Executives and managers are grappling with the challenge of monetizing generative artificial intelligence (AI) and large language models (LLMs) in their businesses. While AI often showcases impressive proofs of concept, realizing returns on investment remains a significant hurdle. According to an executive VP at Capgemini, proving the ROI is the biggest challenge when implementing multiple GenAI solutions into production.
To successfully monetize LLMs, investments need to be made in testing and monitoring. Testing is crucial to ensure the accuracy and reliability of LLMs. Experts recommend intentionally “poisoning” the models during testing to assess their handling of erroneous information. For instance, a business model was prompted with the idea of using dragons for long-distance haulage, and the model responded affirmatively, providing training recommendations involving dragons and princesses. This highlights the need for caution when integrating generative AI into existing applications, as it can be tempting to add superficial features without considering security and risk implications.
While generative AI is rapidly advancing, it is estimated to take another two to five years before it becomes mainstream. The market is expected to witness intense competition among vendors, software platforms, and cloud providers. However, organizations must be cautious about using a single LLM for all tasks, as it can lead to unnecessary expenses. Instead, they should explore cost-effective ways to leverage LLMs and be prepared to decommission solutions swiftly if needed.

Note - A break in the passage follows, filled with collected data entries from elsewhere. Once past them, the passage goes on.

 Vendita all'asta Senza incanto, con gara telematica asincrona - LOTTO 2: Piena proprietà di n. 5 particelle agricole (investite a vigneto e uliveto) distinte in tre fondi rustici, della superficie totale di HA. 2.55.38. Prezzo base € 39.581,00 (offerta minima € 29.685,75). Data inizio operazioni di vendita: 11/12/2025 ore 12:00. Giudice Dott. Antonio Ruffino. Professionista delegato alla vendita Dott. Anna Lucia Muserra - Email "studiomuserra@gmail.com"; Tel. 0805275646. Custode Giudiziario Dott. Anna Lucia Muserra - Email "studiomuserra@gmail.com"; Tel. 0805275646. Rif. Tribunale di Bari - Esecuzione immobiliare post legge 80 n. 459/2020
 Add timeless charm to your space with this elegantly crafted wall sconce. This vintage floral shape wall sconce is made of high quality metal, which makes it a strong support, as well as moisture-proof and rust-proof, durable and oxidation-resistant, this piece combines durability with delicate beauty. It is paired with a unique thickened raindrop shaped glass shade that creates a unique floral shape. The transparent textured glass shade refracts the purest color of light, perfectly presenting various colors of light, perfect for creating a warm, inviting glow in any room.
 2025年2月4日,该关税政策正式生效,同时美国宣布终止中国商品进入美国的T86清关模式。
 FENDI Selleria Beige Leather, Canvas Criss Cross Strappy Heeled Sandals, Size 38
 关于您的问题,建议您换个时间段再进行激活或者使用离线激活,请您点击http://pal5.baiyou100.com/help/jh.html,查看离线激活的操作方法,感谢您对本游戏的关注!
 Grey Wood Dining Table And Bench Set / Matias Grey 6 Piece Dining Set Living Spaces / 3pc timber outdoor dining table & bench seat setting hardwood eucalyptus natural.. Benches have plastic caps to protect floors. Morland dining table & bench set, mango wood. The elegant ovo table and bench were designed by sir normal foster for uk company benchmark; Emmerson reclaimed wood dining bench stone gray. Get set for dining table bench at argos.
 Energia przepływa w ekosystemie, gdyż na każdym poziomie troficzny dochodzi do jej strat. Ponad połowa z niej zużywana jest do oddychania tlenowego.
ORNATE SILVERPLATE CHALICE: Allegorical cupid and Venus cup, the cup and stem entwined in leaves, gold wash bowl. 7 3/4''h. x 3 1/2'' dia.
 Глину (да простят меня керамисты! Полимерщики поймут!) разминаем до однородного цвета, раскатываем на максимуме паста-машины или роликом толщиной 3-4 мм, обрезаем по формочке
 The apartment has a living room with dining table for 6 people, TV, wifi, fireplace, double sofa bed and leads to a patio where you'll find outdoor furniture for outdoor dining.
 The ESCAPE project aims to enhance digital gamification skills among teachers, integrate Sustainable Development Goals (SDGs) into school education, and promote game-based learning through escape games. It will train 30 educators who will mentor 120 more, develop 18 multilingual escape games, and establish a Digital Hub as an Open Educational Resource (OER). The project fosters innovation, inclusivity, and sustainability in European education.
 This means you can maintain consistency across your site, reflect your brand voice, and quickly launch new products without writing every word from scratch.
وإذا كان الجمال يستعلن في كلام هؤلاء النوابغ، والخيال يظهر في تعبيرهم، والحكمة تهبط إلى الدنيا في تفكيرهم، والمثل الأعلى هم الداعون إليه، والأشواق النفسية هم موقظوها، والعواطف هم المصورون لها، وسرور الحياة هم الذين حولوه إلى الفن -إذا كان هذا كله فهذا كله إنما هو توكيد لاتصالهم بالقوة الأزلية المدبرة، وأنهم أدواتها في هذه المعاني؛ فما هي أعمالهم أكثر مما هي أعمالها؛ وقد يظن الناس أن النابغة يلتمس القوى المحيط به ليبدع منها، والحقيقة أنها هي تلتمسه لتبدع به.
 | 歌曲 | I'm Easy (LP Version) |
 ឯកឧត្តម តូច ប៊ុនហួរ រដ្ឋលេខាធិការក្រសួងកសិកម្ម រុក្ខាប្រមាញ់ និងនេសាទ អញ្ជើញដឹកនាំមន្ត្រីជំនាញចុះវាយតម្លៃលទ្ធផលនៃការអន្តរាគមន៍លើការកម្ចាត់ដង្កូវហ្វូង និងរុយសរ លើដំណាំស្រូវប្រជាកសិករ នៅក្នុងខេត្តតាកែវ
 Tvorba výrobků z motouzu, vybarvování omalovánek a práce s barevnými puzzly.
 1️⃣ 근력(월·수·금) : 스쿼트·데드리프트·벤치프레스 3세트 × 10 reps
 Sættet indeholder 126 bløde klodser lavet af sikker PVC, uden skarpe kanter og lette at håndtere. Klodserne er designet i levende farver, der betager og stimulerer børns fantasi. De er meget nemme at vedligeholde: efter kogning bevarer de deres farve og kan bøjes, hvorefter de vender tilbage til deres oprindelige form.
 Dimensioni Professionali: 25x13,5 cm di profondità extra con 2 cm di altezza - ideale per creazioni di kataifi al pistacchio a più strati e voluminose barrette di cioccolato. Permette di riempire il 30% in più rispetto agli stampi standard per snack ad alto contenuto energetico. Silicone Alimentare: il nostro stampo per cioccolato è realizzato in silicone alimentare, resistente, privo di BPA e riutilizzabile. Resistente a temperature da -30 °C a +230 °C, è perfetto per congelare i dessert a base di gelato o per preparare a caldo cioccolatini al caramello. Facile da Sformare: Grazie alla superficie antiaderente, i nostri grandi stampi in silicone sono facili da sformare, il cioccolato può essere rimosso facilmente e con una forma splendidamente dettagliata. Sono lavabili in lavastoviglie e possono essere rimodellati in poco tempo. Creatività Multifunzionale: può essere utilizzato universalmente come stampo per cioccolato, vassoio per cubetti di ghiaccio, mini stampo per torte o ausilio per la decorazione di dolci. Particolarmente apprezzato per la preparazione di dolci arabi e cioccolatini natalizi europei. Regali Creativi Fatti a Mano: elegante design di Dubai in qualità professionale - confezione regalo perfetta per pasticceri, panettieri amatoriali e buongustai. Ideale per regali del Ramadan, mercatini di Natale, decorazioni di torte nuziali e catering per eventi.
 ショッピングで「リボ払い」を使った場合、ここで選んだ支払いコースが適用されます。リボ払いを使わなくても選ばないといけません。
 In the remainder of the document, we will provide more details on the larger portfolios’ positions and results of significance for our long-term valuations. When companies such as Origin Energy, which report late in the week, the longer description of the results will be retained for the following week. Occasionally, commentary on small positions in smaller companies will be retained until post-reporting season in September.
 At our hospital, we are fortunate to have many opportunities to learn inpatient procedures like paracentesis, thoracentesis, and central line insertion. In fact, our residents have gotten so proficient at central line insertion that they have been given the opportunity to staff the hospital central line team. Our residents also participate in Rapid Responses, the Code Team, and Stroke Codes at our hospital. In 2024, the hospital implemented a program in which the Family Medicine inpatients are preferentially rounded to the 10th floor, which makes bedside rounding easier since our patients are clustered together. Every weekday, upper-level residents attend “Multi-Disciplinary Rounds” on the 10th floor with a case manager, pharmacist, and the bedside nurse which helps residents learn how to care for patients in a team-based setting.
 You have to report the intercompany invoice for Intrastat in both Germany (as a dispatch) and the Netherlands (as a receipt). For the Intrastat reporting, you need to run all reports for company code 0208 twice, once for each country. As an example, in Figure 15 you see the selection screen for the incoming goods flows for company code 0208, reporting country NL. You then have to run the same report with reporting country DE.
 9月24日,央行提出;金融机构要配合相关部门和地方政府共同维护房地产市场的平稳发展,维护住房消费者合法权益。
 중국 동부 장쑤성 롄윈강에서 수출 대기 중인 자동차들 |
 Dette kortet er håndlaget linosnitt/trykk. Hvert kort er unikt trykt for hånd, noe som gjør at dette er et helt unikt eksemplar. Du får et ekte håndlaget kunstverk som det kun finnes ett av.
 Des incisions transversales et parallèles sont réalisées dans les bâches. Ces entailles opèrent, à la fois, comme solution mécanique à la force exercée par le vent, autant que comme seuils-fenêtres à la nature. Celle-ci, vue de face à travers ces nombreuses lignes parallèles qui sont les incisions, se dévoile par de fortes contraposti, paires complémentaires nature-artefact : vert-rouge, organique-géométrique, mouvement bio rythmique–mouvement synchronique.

To measure performance and quality of responses, AI users should apply their queries against multiple models. Having a common mechanism to capture metrics and replay queries against different models enables organizations to identify more efficient approaches. Guardrails are essential to prevent generative AI from producing unexpected or irrelevant outputs, such as generating a 4,000-word essay on President Andrew Jackson in response to an invoice.